INFORMATION SUPPLIED:
===

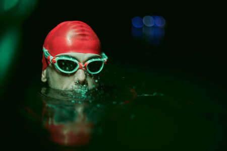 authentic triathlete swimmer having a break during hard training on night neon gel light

===

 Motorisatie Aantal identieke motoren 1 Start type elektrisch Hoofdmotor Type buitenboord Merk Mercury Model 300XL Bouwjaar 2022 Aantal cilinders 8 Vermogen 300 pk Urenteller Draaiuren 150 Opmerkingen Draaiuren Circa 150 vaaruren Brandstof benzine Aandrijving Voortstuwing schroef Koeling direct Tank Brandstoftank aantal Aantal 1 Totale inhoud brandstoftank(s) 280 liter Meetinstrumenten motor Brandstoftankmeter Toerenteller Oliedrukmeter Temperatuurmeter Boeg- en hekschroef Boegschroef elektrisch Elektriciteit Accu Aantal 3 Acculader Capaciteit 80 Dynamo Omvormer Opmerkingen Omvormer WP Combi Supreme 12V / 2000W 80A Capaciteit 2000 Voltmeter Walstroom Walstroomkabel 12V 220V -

===

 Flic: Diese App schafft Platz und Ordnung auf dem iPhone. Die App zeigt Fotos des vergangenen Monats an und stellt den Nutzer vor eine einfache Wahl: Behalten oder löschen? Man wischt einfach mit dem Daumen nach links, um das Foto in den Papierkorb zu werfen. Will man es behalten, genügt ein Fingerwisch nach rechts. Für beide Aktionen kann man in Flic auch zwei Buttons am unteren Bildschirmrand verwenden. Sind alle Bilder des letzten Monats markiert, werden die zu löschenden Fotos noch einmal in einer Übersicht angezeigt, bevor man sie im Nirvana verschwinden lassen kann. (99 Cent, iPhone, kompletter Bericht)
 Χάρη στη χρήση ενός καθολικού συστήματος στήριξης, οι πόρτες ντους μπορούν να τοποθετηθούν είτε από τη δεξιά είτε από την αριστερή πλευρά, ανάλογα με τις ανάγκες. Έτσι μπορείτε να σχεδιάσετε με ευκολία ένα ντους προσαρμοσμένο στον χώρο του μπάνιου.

===

DESCRIPTION OF THE TASK: The output should be exactly the lines above from the line containing "Flic: Diese App" to the line containing "Χάρη στη χρήση", inclusive, with no other lines.

ANSWER TO THIS PROBLEM:
 Flic: Diese App schafft Platz und Ordnung auf dem iPhone. Die App zeigt Fotos des vergangenen Monats an und stellt den Nutzer vor eine einfache Wahl: Behalten oder löschen? Man wischt einfach mit dem Daumen nach links, um das Foto in den Papierkorb zu werfen. Will man es behalten, genügt ein Fingerwisch nach rechts. Für beide Aktionen kann man in Flic auch zwei Buttons am unteren Bildschirmrand verwenden. Sind alle Bilder des letzten Monats markiert, werden die zu löschenden Fotos noch einmal in einer Übersicht angezeigt, bevor man sie im Nirvana verschwinden lassen kann. (99 Cent, iPhone, kompletter Bericht)
 Χάρη στη χρήση ενός καθολικού συστήματος στήριξης, οι πόρτες ντους μπορούν να τοποθετηθούν είτε από τη δεξιά είτε από την αριστερή πλευρά, ανάλογα με τις ανάγκες. Έτσι μπορείτε να σχεδιάσετε με ευκολία ένα ντους προσαρμοσμένο στον χώρο του μπάνιου.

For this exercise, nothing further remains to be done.